Data records:
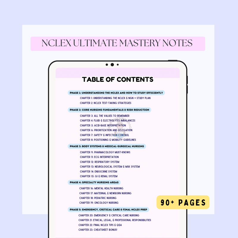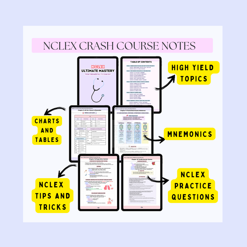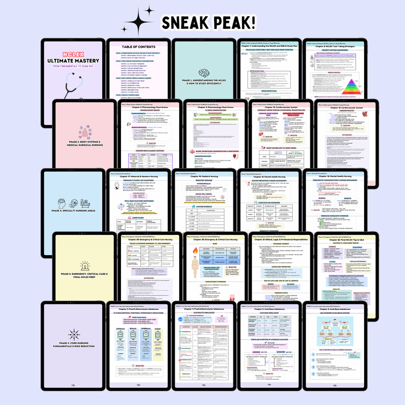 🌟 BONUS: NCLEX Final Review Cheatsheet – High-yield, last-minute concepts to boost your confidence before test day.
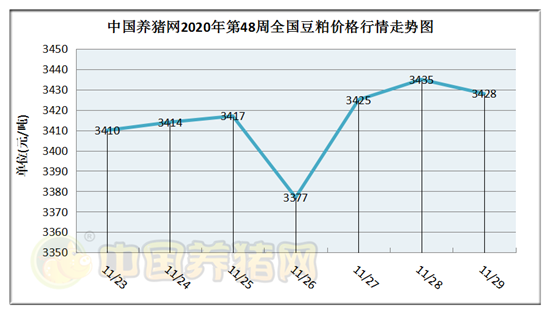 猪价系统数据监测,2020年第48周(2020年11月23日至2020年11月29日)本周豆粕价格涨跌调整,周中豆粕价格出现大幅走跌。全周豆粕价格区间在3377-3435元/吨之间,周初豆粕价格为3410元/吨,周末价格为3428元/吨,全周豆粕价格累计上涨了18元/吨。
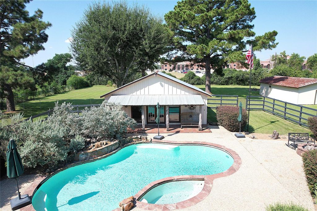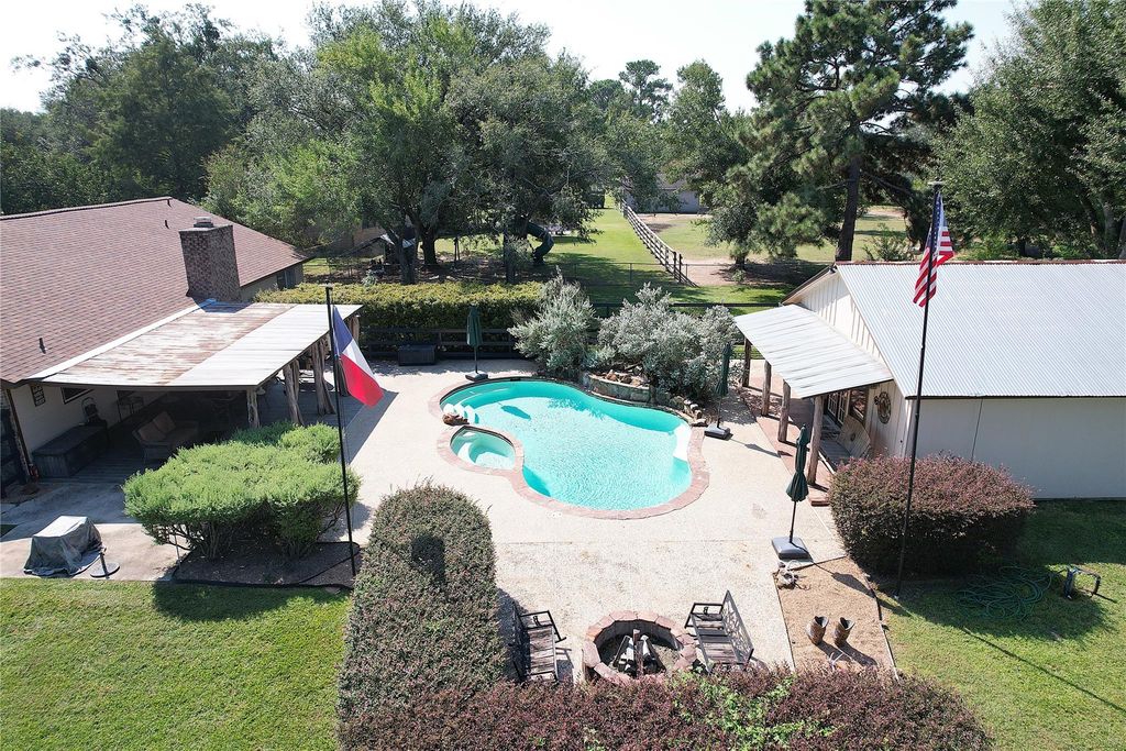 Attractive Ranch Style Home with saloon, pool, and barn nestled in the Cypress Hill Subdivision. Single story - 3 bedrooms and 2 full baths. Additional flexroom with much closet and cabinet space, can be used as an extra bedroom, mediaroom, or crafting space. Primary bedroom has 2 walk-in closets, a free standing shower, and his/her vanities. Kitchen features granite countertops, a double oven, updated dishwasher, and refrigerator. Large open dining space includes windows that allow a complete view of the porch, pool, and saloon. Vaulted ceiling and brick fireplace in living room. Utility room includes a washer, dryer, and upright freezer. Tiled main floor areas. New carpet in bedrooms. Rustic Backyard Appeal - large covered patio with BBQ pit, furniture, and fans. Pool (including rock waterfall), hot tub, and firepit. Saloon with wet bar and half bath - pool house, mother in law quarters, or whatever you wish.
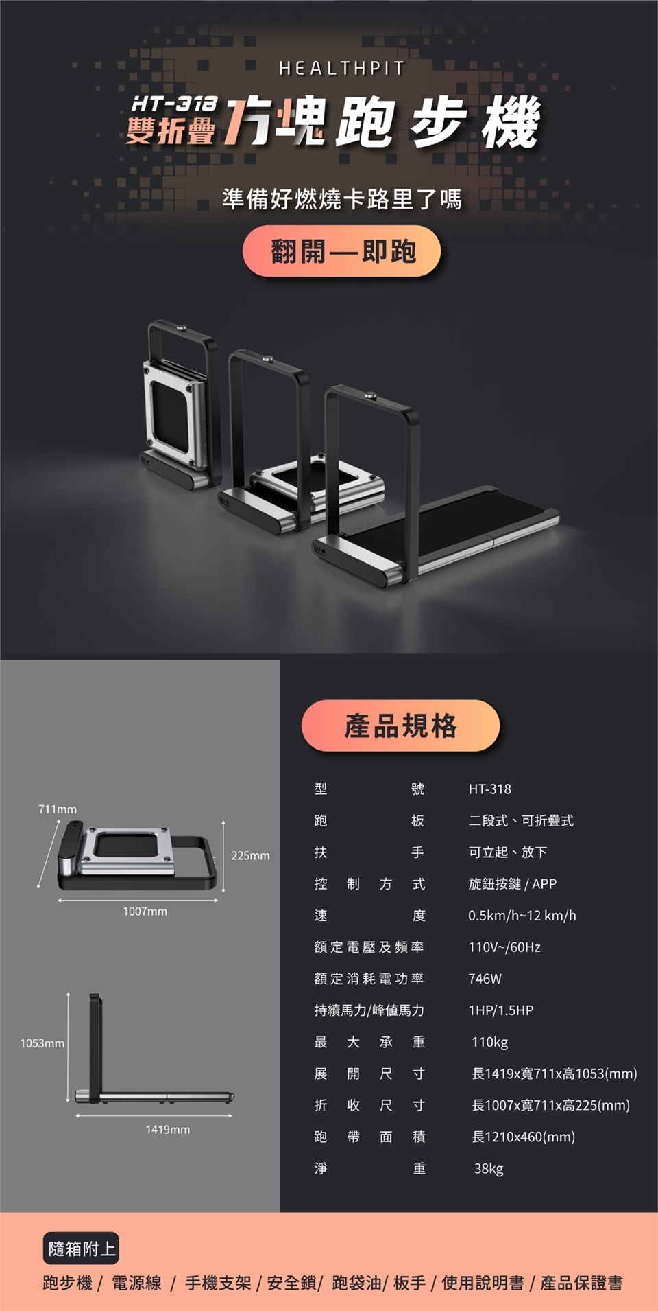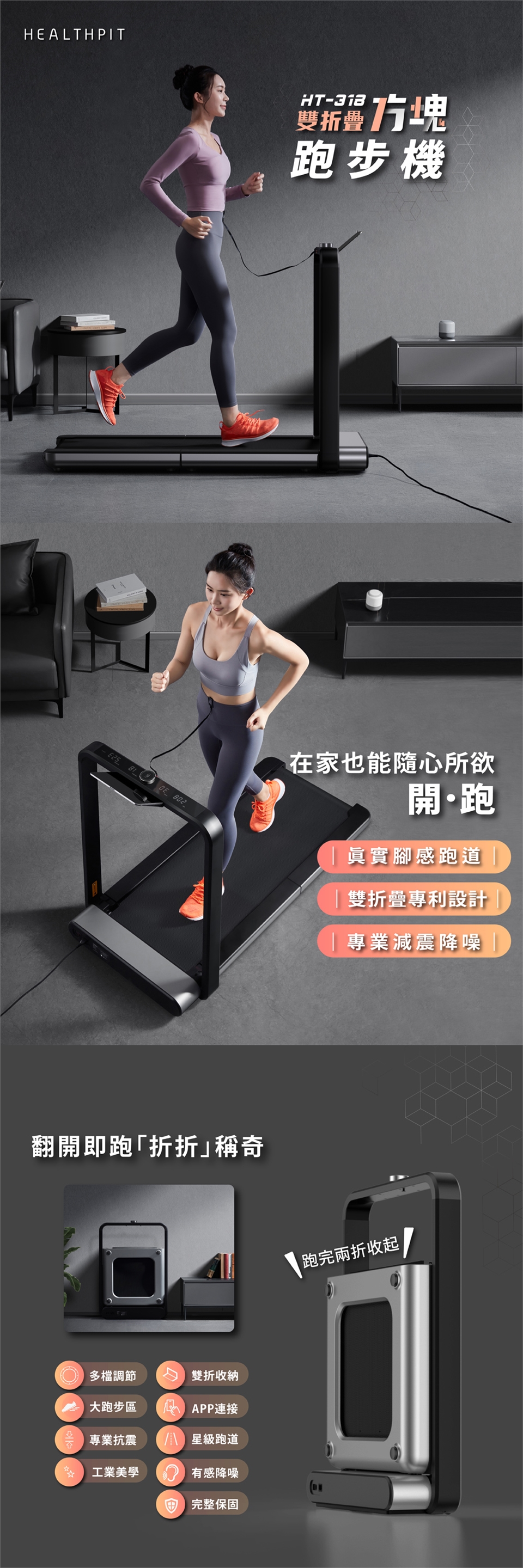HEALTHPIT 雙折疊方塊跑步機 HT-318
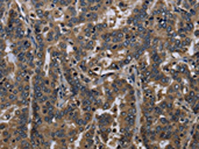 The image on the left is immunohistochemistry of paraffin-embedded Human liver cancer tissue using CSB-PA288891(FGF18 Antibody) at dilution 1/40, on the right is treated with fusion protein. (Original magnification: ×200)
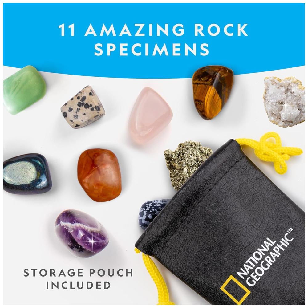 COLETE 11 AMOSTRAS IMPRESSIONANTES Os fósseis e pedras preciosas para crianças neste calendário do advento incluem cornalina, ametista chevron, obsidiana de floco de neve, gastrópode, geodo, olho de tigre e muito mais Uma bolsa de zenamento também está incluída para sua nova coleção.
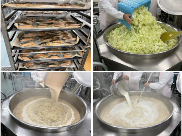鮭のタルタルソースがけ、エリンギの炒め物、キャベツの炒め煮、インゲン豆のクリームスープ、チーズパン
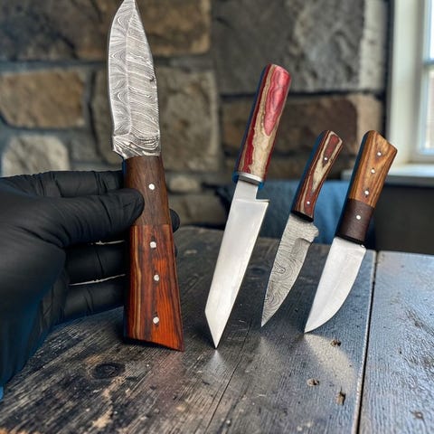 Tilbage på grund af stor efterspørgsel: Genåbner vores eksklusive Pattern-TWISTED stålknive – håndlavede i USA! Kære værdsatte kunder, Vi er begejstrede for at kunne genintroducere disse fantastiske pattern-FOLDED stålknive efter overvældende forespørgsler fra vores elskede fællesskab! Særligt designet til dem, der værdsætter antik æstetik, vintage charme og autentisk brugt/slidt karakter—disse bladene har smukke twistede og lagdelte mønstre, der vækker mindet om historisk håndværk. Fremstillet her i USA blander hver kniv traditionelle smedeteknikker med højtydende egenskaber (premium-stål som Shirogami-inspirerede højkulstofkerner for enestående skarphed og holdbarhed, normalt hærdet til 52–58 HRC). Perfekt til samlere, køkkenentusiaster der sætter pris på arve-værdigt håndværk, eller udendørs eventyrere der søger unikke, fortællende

Exercise instructions: Write out the lines above from the one with "HEALTHPIT 雙折疊方塊跑步機 HT-318" through the one with "COLETE 11 AMOSTRAS", ends included, exactly; no picture goes in.

Answer to this task:
HEALTHPIT 雙折疊方塊跑步機 HT-318
 The image on the left is immunohistochemistry of paraffin-embedded Human liver cancer tissue using CSB-PA288891(FGF18 Antibody) at dilution 1/40, on the right is treated with fusion protein. (Original magnification: ×200)
 COLETE 11 AMOSTRAS IMPRESSIONANTES Os fósseis e pedras preciosas para crianças neste calendário do advento incluem cornalina, ametista chevron, obsidiana de floco de neve, gastrópode, geodo, olho de tigre e muito mais Uma bolsa de zenamento também está incluída para sua nova coleção.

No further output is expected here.